Records for the task:
»»

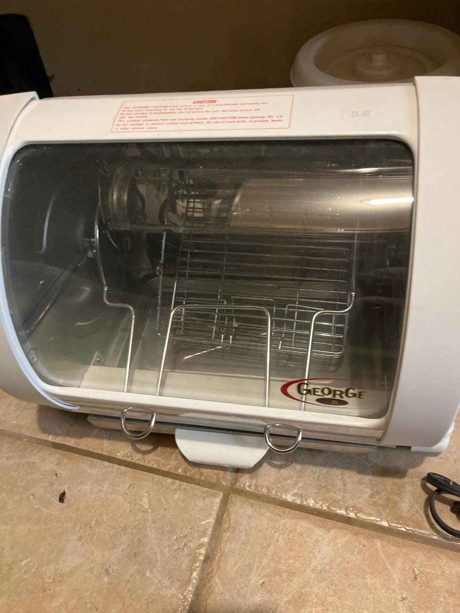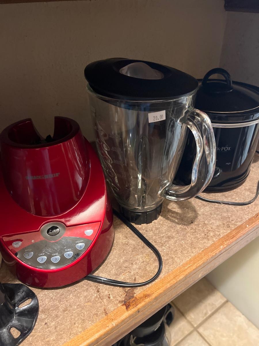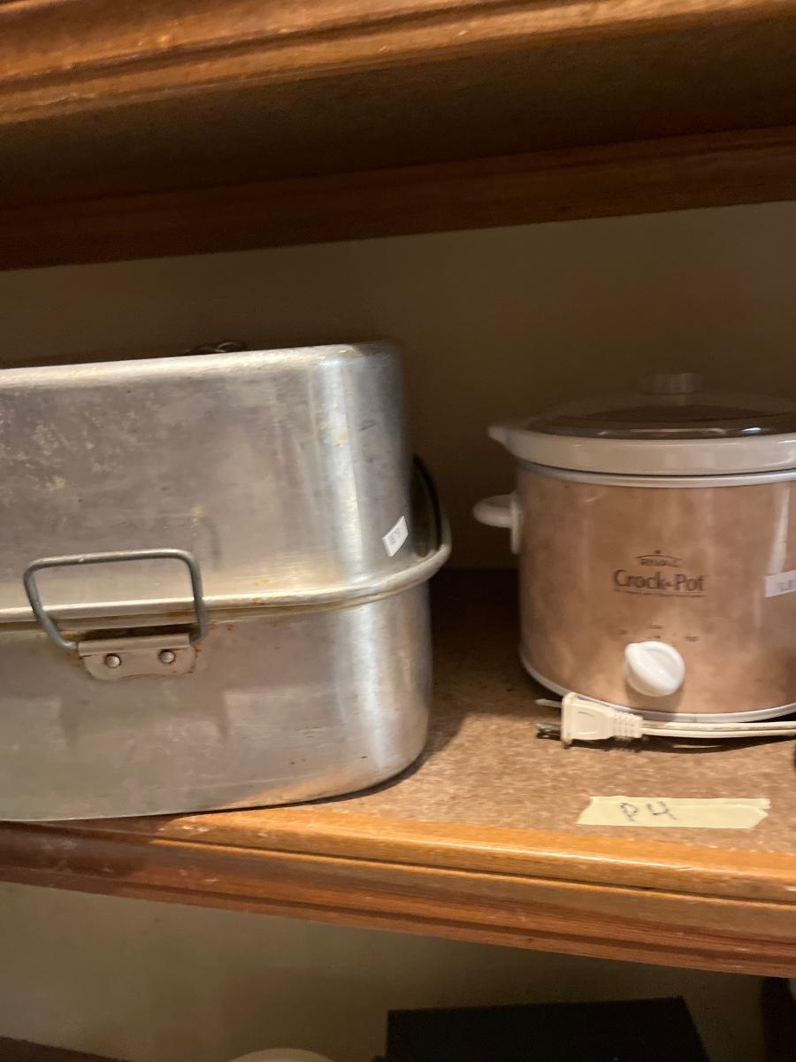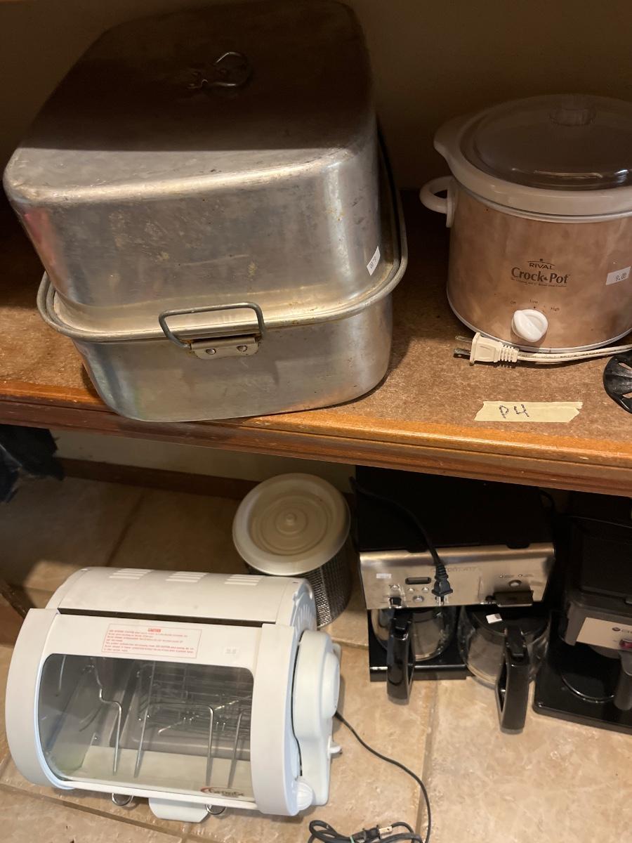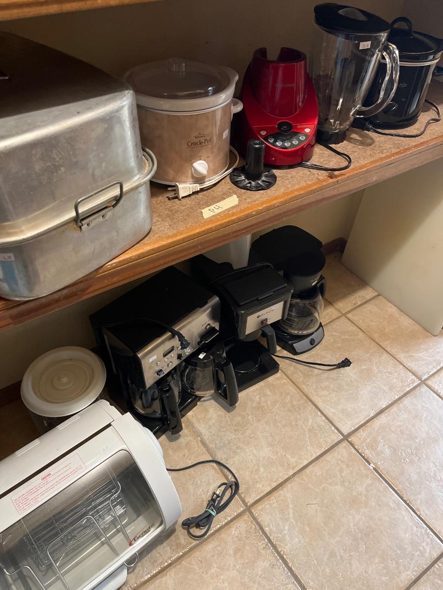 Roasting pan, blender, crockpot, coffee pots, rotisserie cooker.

««
»»

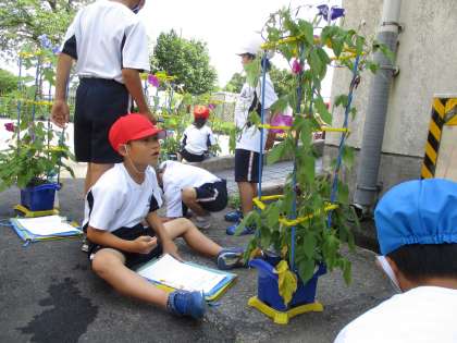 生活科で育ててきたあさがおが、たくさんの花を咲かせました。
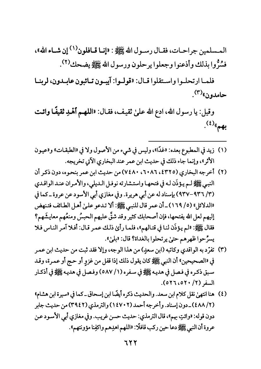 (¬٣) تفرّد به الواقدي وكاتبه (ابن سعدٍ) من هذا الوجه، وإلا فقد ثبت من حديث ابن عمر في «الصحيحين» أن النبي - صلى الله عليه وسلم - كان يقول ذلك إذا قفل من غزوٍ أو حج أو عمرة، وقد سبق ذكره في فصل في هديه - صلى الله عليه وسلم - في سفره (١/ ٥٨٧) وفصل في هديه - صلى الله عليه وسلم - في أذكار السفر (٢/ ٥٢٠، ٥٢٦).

««
»»

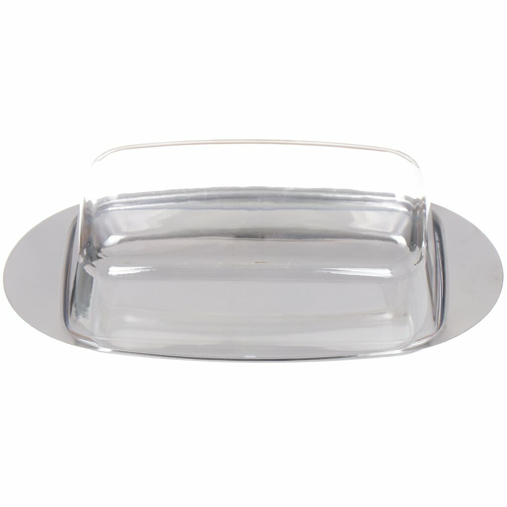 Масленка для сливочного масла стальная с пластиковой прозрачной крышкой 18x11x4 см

««

Find the line with "生活科で育ててきたあさがおが、たくさんの花を咲かせました。" in the entries above. Set down exactly every line from it up to and including the line with "(¬٣) تفرّد به", images excluded.

Written solution:
 生活科で育ててきたあさがおが、たくさんの花を咲かせました。
 (¬٣) تفرّد به الواقدي وكاتبه (ابن سعدٍ) من هذا الوجه، وإلا فقد ثبت من حديث ابن عمر في «الصحيحين» أن النبي - صلى الله عليه وسلم - كان يقول ذلك إذا قفل من غزوٍ أو حج أو عمرة، وقد سبق ذكره في فصل في هديه - صلى الله عليه وسلم - في سفره (١/ ٥٨٧) وفصل في هديه - صلى الله عليه وسلم - في أذكار السفر (٢/ ٥٢٠، ٥٢٦).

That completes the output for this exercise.